As regards point (a) of the second subparagraph, with respect to gases obtained via a gas exchange or imported from an undertaking situated outside the Union, aggregate figures provided by the exchange or the undertaking in question over the preceding year may be used.

The disclosure of the share of renewable gas purchased by the final customers shall be done by using guarantees of origin.

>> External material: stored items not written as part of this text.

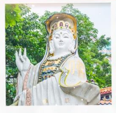
เจ้าแม่กวนอิมรพัสสิปีย์
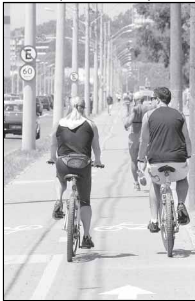
Ivo Gonçalves – Banco de Imagens – PMPA

Foram identificados 495 quilômetros propícios para ciclovias e ciclofaixas em diferentes regiões da cidade
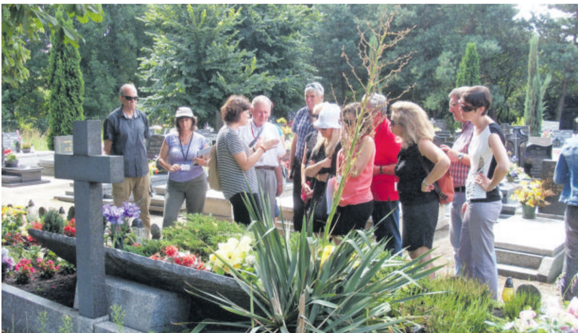
Rok 2014: wycieczka z Izraela przed zbiorową mogiłą pomordowanych 27 stycznia 1945 r. w Przyszowicach

Krystyna Augustyniak Fot. archiwum autorki

The regulatory authority or another competent national authority shall take the necessary steps to ensure that the information provided by suppliers to final customers pursuant to this point is reliable and is provided at a national level in a clearly comparable manner.

 

 

Examples of schemes for the promotion of renewable hydrogen

 

 

Among examples of schemes for the promotion of production renewable hydrogen it is useful to mention the German H2Global (estimated budget €900 million) approved by the European Commission on 20 December 2021.

 

H2Global will support the production of renewable hydrogen in non-EU countries, to be imported and sold in the EU. The scheme will run for 10 years starting from the award of the first contract under the scheme.

 

The scheme will be managed and implemented by a special-purpose entity named HINT.CO. This intermediary will conclude long-term purchase contracts on the supply side (green hydrogen production) and short-term resale contracts on the demand side (green hydrogen usage).

 

The aid will be awarded through competitive tenders. Prices will be determined on the buying and selling side via a double auction model, where the lowest bid price for hydrogen production and the highest selling price for hydrogen consumption will each be awarded a contract.

 

The producers of renewable hydrogen and hydrogen derivatives such as green ammonia, green methanol, and e-Kerosene wishing to participate in the tenders will have to strictly comply with the sustainability criteria for renewable hydrogen and hydrogen derivatives production, set by the revised Renewable Energy Directive (RED II).
They will also have to contribute to the deployment or financing of the additional renewable electricity needed to supply the electrolysers producing hydrogen under the scheme.